Première chambre civile, 12 juin 2018 — 17-21.619

Rejet Cour de cassation — Première chambre civile

Textes visés

  • Article 1014 du code de procédure civile.

Texte intégral

CIV. 1

CGA

COUR DE CASSATION ______________________

Audience publique du 12 juin 2018

Rejet non spécialement motivé

Mme BATUT, président

Décision n° 10386 F

Pourvoi n° A 17-21.619

Aide juridictionnelle totale en défense au profit de Mme X.... Admission du bureau d'aide juridictionnelle près la Cour de cassation en date du 20 septembre 2017.
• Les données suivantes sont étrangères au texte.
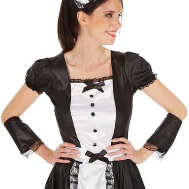 Den supersexiga maskeraddräkt består av en förtjusande, förförisk klänning i svart och vitt. Klänningen är kort och trollar fram ett fantastiskt dekolletage. Till maskeraddräkten medföljer ett vackert diadem, sexiga strumpor och handledsvärmare, material: 100 % polyester.
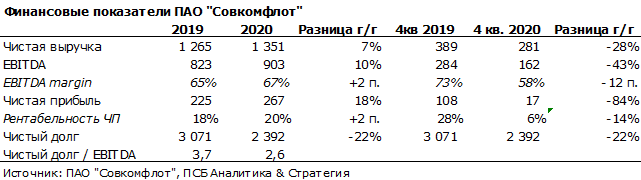 Выручка Совкомфлота на основе тайм-чартерного эквивалента по итогам 2020 года по МСФО выросла на 6,7% г/г, до 1350,6 млн долл., при этом, около 50% выручки поступило от транспортировки сырой нефти и нефтепродуктов. В 4 кв. ставки фрахта сезонно снижались, что оказывало давление на выручку (-28% г/г).
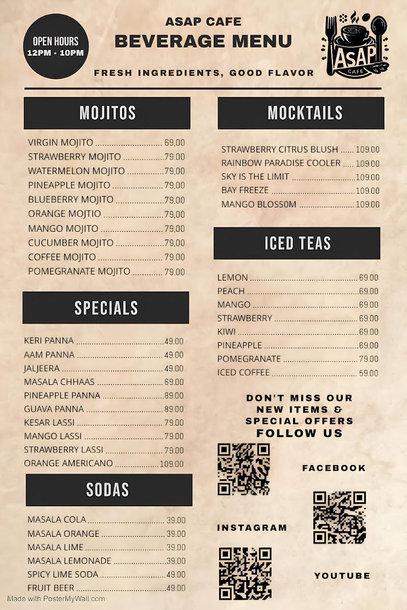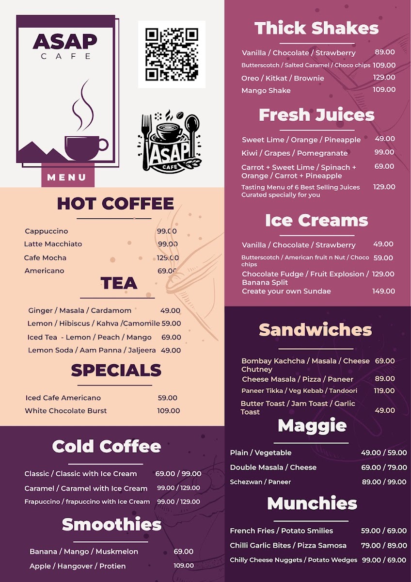 Welcome to ASAP CAFE, a delightful gem nestled in the heart of Sitapur, Uttar Pradesh. This welcoming cafe boasts a modern yet cozy ambiance, perfect for a relaxing afternoon or an energetic meetup with friends. The menu is thoughtfully curated, featuring a variety of refreshing iced teas such as Lemon and Peach, each priced at just ₹69, alongside an inviting selection of thick shakes like the indulgent Oreo shake at ₹129.
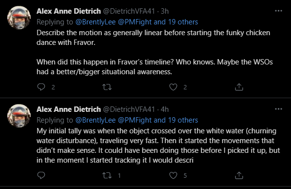 I think you've made valid points. I just wanted to add that Dietrich has stated her plane was banked so their field of view was presumably clear to facilitate having eyes physically on Fravor and his mysterious prey.
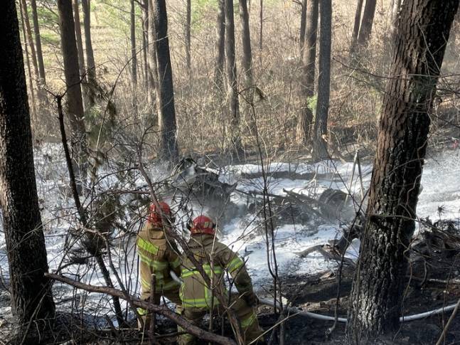 사고 헬기는 추락과 함께 대부분 파손됐다. 추락지점에선 화재가 발생했다. 이 불은 주변 산불로 이어진 뒤 20분 만에 진화됐다. 소방은 인력 100여 명과 장비 20여 대를 동원했다.

R É P U B L I Q U E F R A N Ç A I S E

_________________________

AU NOM DU PEUPLE FRANÇAIS _________________________

LA COUR DE CASSATION, PREMIÈRE CHAMBRE CIVILE, a rendu la décision suivante :

Vu le pourvoi formé par M. D... A... Y... , domicilié [...] ,

contre l'arrêt rendu le 23 juin 2016 par la cour d'appel de Versailles (2e chambre, 1re section), dans le litige l'opposant à Mme E... B... X..., épouse Y..., domiciliée [...] ,

défenderesse à la cassation ;

Vu la communication faite au procureur général ;

LA COUR, en l'audience publique du 9 mai 2018, où étaient présentes : Mme Batut, président, Mme Z..., conseiller rapporteur, Mme Wallon, conseiller doyen, Mme Pecquenard, greffier de chambre ;

Vu les observations écrites de la SCP Alain Bénabent, avocat de M. Y..., de Me C..., avocat de Mme X... ;

Sur le rapport de Mme Z..., conseiller, et après en avoir délibéré conformément à la loi ;

Vu l'article 1014 du code de procédure civile ;

Attendu que les moyens de cassation annexés, qui sont invoqués à l'encontre de la décision attaquée, ne sont manifestement pas de nature à entraîner la cassation ;

Qu'il n'y a donc pas lieu de statuer par une décision spécialement motivée ;

REJETTE le pourvoi ;

Condamne M. Y... aux dépens ;

Vu l'article 700 du code de procédure civile, rejette la demande ;

Ainsi décidé par la Cour de cassation, première chambre civile, et prononcé par le président en son audience publique du douze juin deux mille dix-huit.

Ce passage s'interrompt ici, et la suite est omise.